By thinking about how categories might interact, we can identify interesting patterns or potential issues that could impact our analysis or data interpretation. Careful consideration of these interactions helps us ensure the validity of our findings. For instance:
Sex Distribution: Looking at the patterns of male and female penguins, I’m reassured that the number of males and females observed is roughly equal across species and locations. This balance is important because unequal representation of sexes could bias our results, particularly in biological traits like bill length or body mass. Since there’s no imbalance, we can confidently proceed without worrying about gender skewing our insights.
Species Distribution by Island: There are different numbers of species on different islands, but this variation remains consistent across years. This suggests that the observed species distributions likely reflect true ecological patterns, rather than inconsistencies in data collection. If this trend were erratic across years, we might suspect sampling issues, but the consistency provides confidence in the accuracy of species representation.
Consistency Across Years: The number of penguins observed is consistent across years, meaning we don’t see major fluctuations in sample size.

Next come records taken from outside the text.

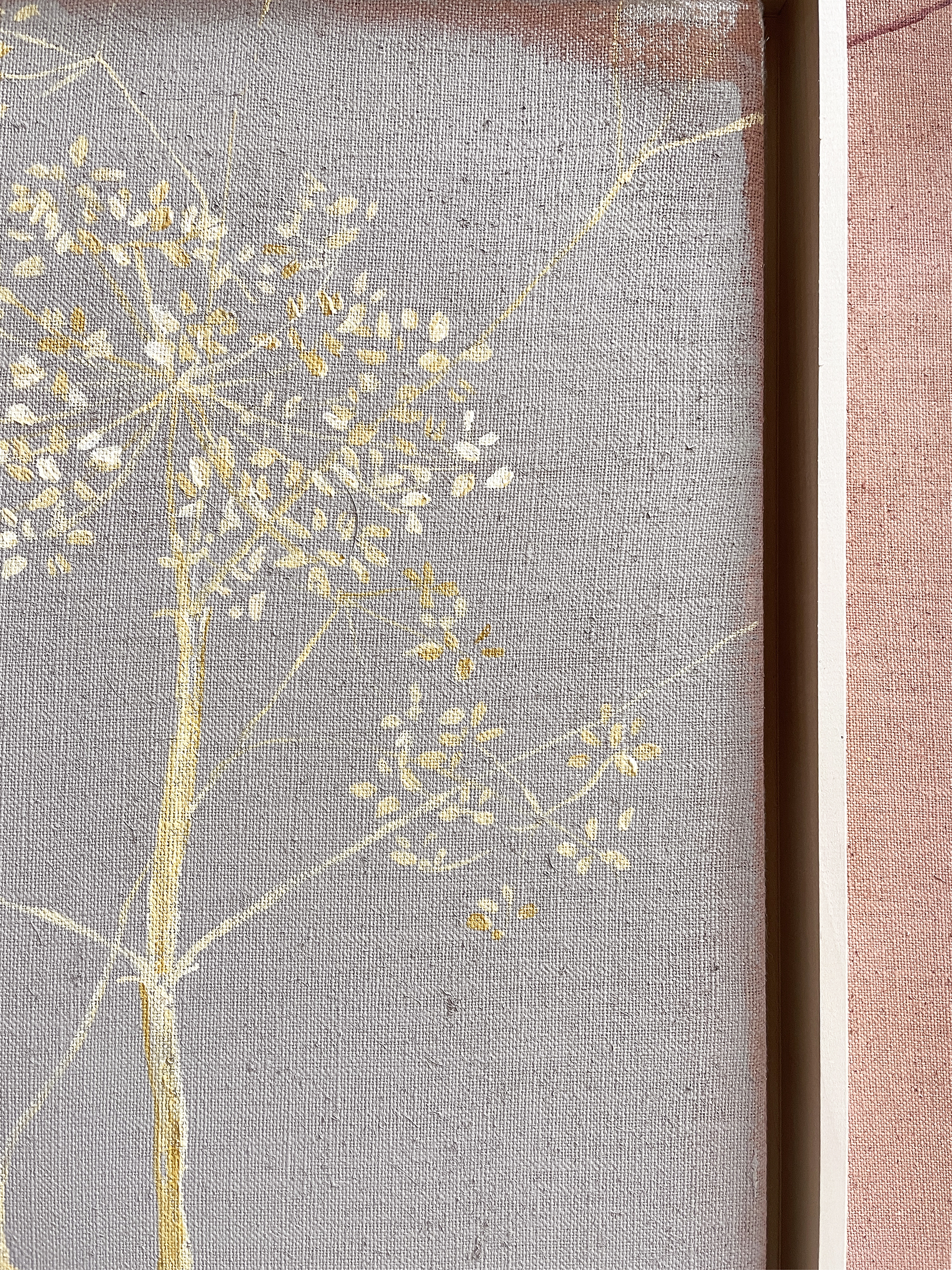 Another study of the dried out Angelica in my studio... this time painted in shades of straw, mustard and mushroom on a blue - grey background with old rose corners.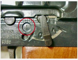 Comme c’est une fabrication standard, a l’origine le sélecteur comportait trois positions, sureté au milieu représenté par le chiffre zéro. Semi-auto à droite représenté par le chiffre un. À gauche se trouvait la position de tir rafale. Lors de la fabrication commerciale, le marquage a été effacé par fraisage et le chiffre un a été frappé. Sur cette arme que le sélecteur soit positionné à droite ou à gauche l’arme ne tire qu’au coup par coup.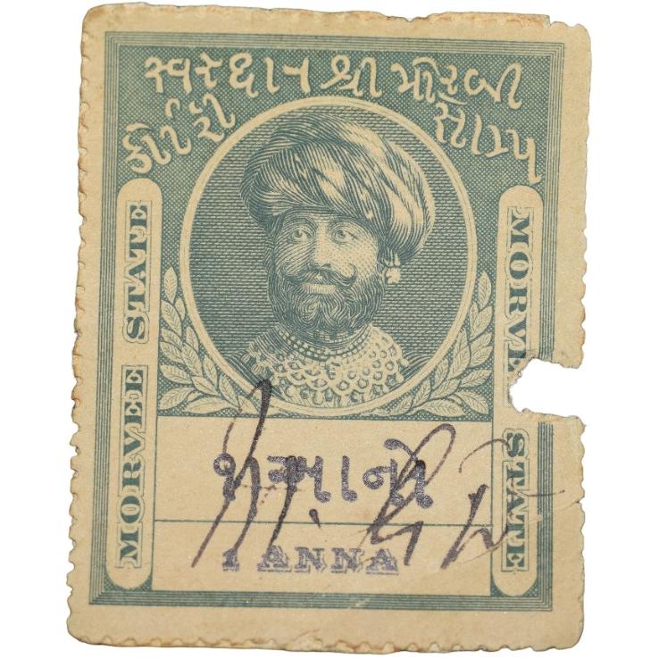 Court Fee Stamp of Morvee State Green Colour 1 Anna – Used Condition as per Image.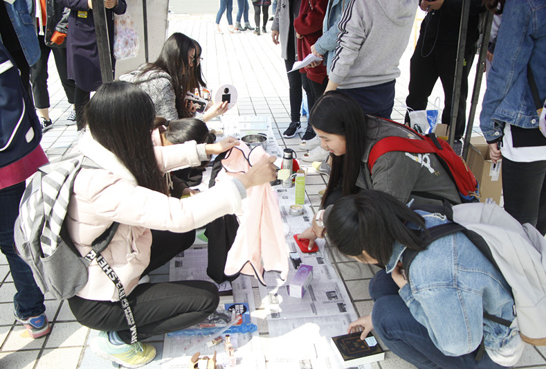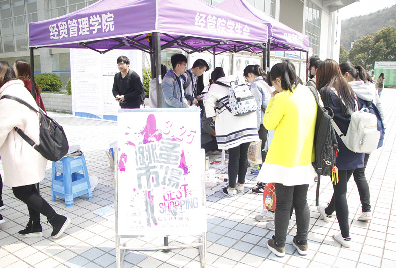 最热闹的活动便属跳蚤市场,3月29日中午,大活北广场人头攒动,路过的同学都被热情的“老板”们的叫卖声和琳琅满目的小商品所吸引,纷纷前来围观,好不热闹。或是《卫生经济学》、《幻夜》等书籍;也有指甲油、散粉等女同学钟爱的化妆品;还有保温杯、闹钟等生活必需品;甚至还有扫地机这样的扫地神器。挑一挑样式,看一看质量,再经过几回讨价还价,买到心仪商品的同学,脸上不时浮现出舒展的笑意。小物品,大用处,小小的跳蚤市场妙趣横生,展现更多的是员工会对大家的服务,通过对闲置资源的再分配,给同学们的生活带来了便利。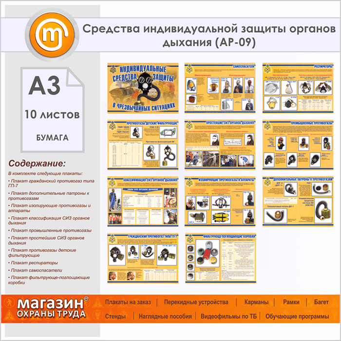 Плакаты «Средства индивидуальной защиты органов дыхания» (АР-09, бумага, А3, 10 листов) в Тюмени купить
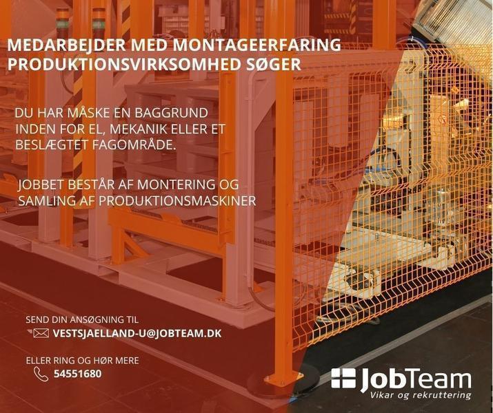 Vi søger en montagemedarbejder til vores samarbejdspartner i Vemmelev - et spændende job med samling og montering af tekniske anlæg. Du kommer til at arbejde med moderne udstyr i en virksomhed med fokus på kvalitet og godt samarbejde.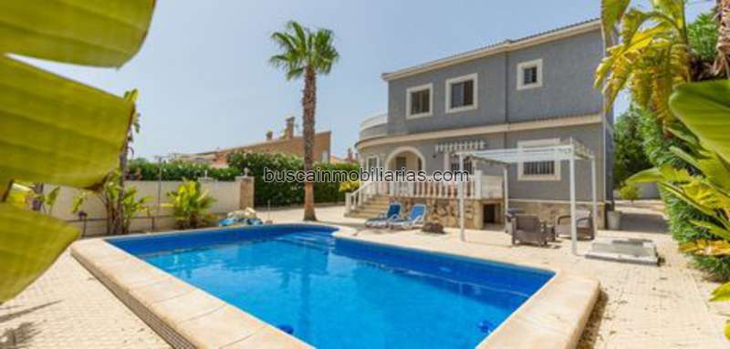 Presentamos una villa independiente situada en una parcela privada de 885 m², ubicada en la zona de La Marina, en San Fulgencio. La propiedad dispone de 5 dormitorios y 5 baños, incluyendo un baño exterior que puede utilizarse como baño de piscina o para invitados. La distribución de la vivienda la hace adecuada tanto para una familia numerosa como para uso vacacional. El interior ofrece un salón amplio y luminoso con chimenea, comedor, cocina totalmente equipada y un patio acristalado que puede utilizarse durante todo el año. Además, cuenta con lavadero y un cuarto de servicio. La propiedad dispone de terraza y solárium privado, proporcionando un espacio ideal para el descanso y el disfrute del sol. En el exterior se encuentra una piscina privada, un jardín bien cuidado y un garaje cerrado con capacidad para dos coches. La propiedad ofrece amplitud, privacidad y confort, con fácil acceso a servicios e infraestructuras locales. Contacte con nosotros para concertar una visita a la propiedad.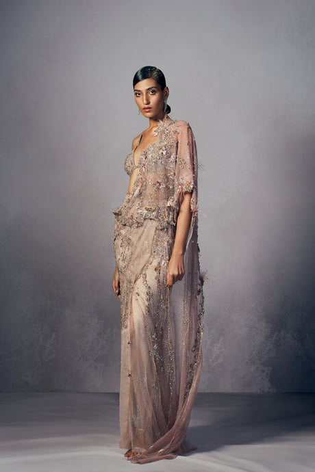 • Joyce Shimmer Tulle draped saree set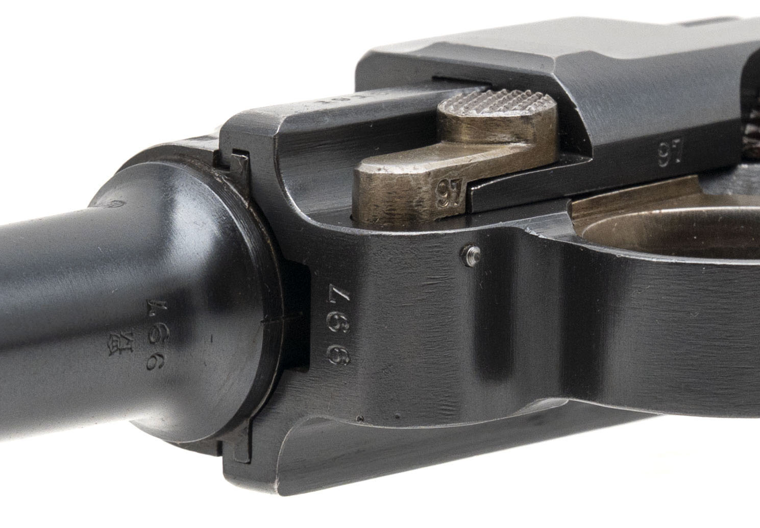 Serial number 997. Made in 1916. 9mm caliber with a 6” barrel. This is a scarce 1916 imperial Navy Luger. This gun is in like new condition as restored. This gun is all matching including the magazine. Most of these guns were destroyed or altered. Very scarce attractive gun!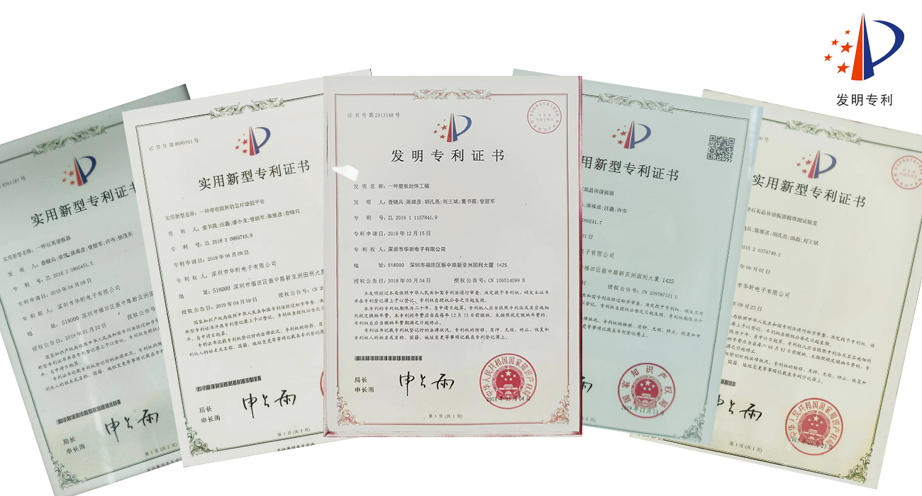 華昕注重產品質量和技術創新,經過多年的努力和發展,擁有30多項設計專利,華昕在晶振行業樹立了良好的聲譽,服務超1萬+家客戶,持續為國內外客戶提供高精度、高穩定性的石英晶體頻率器件。擁有一支高素質的技術團隊,20年行業經驗FAE為客戶專業匹配選型,且不斷研發新型晶振產品以滿足不斷變化的市場需求。擁有先進的全自動生產設備+萬級無塵車間和嚴格的質量控制體系,確保晶振的穩定性和可靠性。先后通過ISO14001及ISO9001企業質量管理體系認證和ROHS認證及REACH認證。始終秉承“質量第一,客戶至上”的宗旨,以滿足客戶的需求為己任,不斷推動晶振技術的發展和應用,為客戶的業務成功貢獻力量。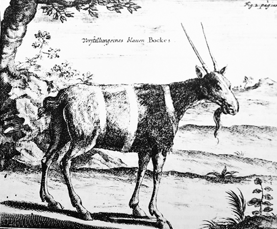 ブルーバックは、自身の存在をヨーロッパの博物学者らやハンターらに知られたときには、すでに絶滅への道を歩んでいた。ドイツ人ペーター・コルプは、1719 年にブルーバックの存在について最初に記した人物だ。彼はブルーバックを大型のヤギと記述し、後に彼の記憶に基づいて描かれた博物画には、長いひげや尻尾など典型的なヤギの特徴が描かれていた。ちなみにその尻尾について、房状であることは正しかったのだが位置は実際よりもかなり上の方に描かれていた。後にコルプの描画は、ダニエル(1804-08)によってブルーバックのイラストの参考資料とされ、さらにジャーディーン(1839)により複製もされたが、それには雌には角がないというような別の誤りまで混在するようになった。コルプの記述から約50 年後の1767 年に、P.S. パラスによってブルーバックはやっとレイヨウとして分類上正しく記述されることとなる。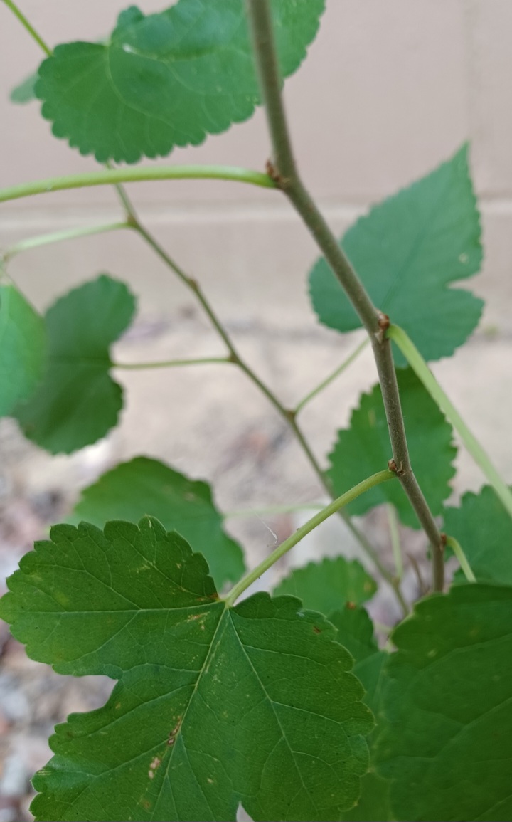 Oh, that mulberry weed. I often hear people call mulberries weeds. Yours has a woody stem, so definitely Morus and not Fatoua.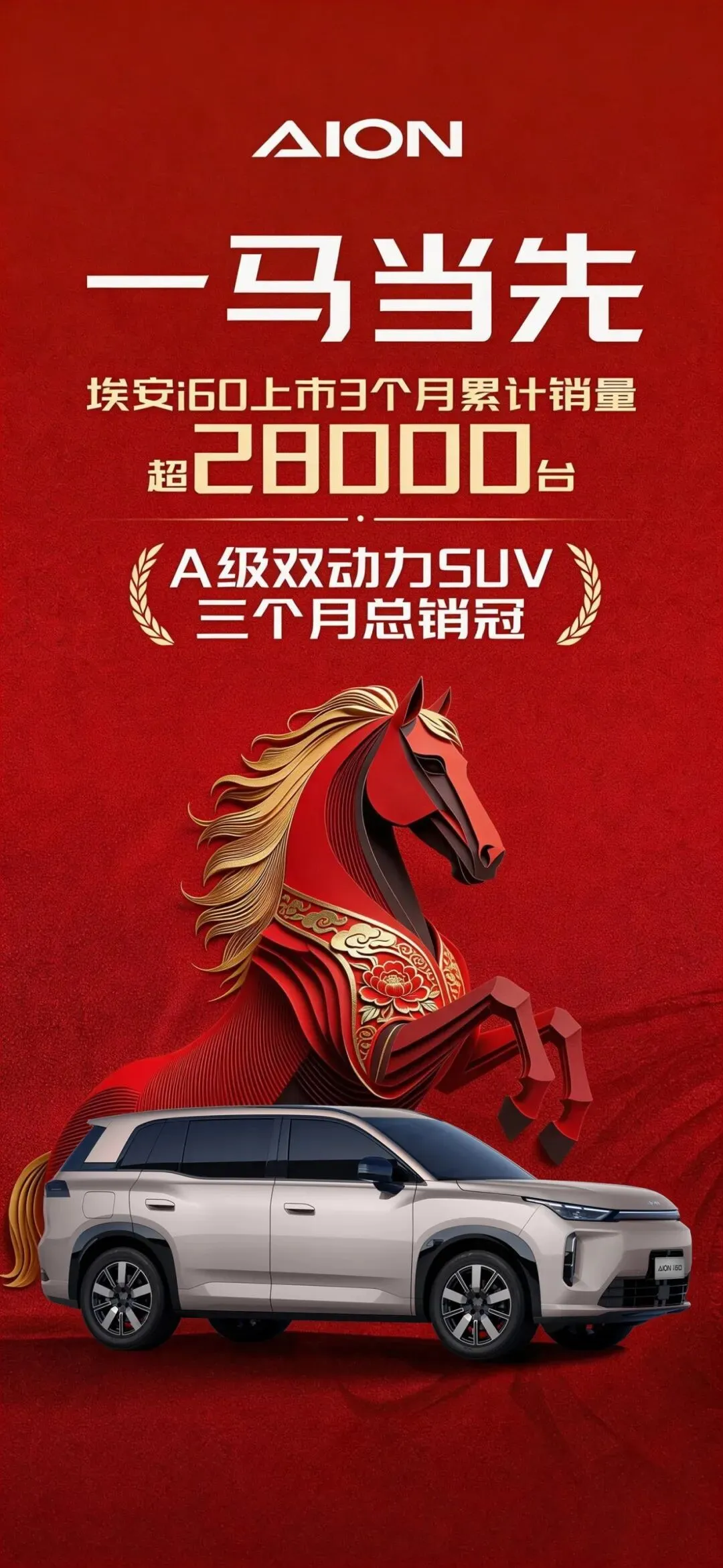 >【汕头金子】埃安i60斩获A级双动力SUV三个月总销冠

This consistency is important because significant changes could suggest variations in data collection methods or environmental factors affecting penguin populations. A steady count ensures that any trends or patterns we observe are less likely to be the result of sampling inconsistencies.
Missing Data for Sex: While there are some missing values for the sex variable, these gaps are small and don’t fit any obvious pattern. This suggests that the missing data is likely random and not linked to a particular species, location, or time period. Since the missing values are few and do not show a clear bias, we can choose to ignore these gaps in the analysis with reasonable confidence that they won’t heavily skew our results.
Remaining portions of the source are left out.